Stress Timed vs. Syllable Timed


Isochrony is the fancy word that describes the rhythmic division of time into equal portions by a language. When referring the rhythm, this is talking about one of the variables of prosody, others being intonation, stress and tempo of speech.


Now, although wikipedia has postulated 3 alternative ways in which a language can divide time, the focus will be on the distinction between syllable-timed and stress-timed languages and the rhythmic differences.

  1. The duration of every syllable is equal (syllable-timed);

  2. The duration of every mora is equal (mora-timed).

  3. The interval between two stressed syllables is equal (stress-timed);

English is a stress-timed language. This means that the interval between two stressed syllables is equal. It also means that the duration of every syllable is not necessarily equal.

Dogs chase cats

The dogs chase cats

The dogs chase the cats

The dogs will chase the cats

The dogs will be chasing the cats

If English was a syllable-timed language, then as we add more words to the sentence, it should theoretically get longer and longer. This does not happen.

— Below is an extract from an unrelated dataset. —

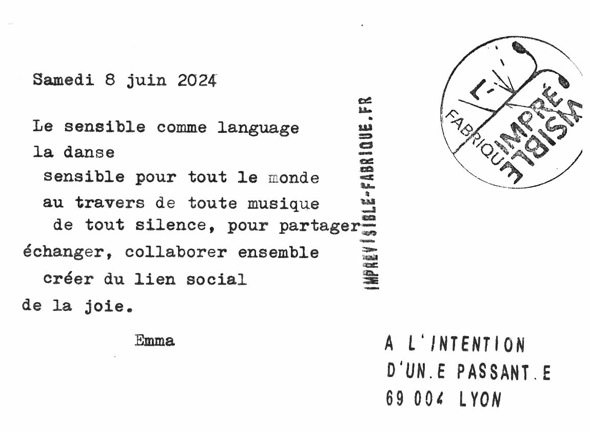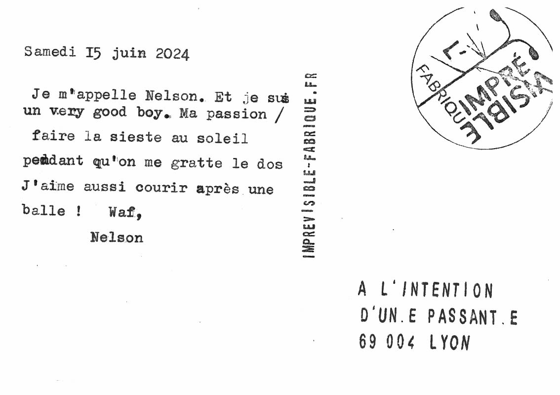 Lors de ses premières installations, les habitants souhaitaient eux aussi écrire sur la machine, Charlotte a donc proposé un dispositif où ils créent une carte postale à partir d’une photographie qu’ils prennent du quartier. Les cartes créées sont à l’intention d’un passant du quartier qui la découvrira déposée (oubliée) sur un mobilier urbain.

Instead, unstressed syllables/words are said quicker.

The dogs will be chasing the cats


In English, the time it takes to say something does not depend on the number of syllables.

If you are transitioning to English from a syllable-timed language, the rhythm of your English speech may sound foreign or overly cautious because you will tend to give equal stress to each syllable.

A quick internet search will help you figure out whether your native language is a syllable-timed or syllable-stressed language but I've included a few examples.

Syllable-stressed:

English, Thai, German, Russian, Danish, Swedish, Norwegian, Dutch

Syllable-timed:

French, Italian, Spanish, Icelandic, Cantonese Chinese, Mandarin

If you try to apply the same rhythm to English as you would a syllable-timed language, then it may come across as boring, mundane, unexpressive and robotic.

Typically, stressed syllables and words will include content words. These will include: main verbs, nouns, adjectives, adverbs and negative auxiliaries.

Words that are more typically left unstressed include structure words. These will include: pronouns, prepositions, articles, conjunctions and auxiliary verbs.

In order to work on this, read a newspaper out loud. Think about which words should be stressed and which words shouldn't. Practice saying words quicker or slower depending on whether they are content or structure words.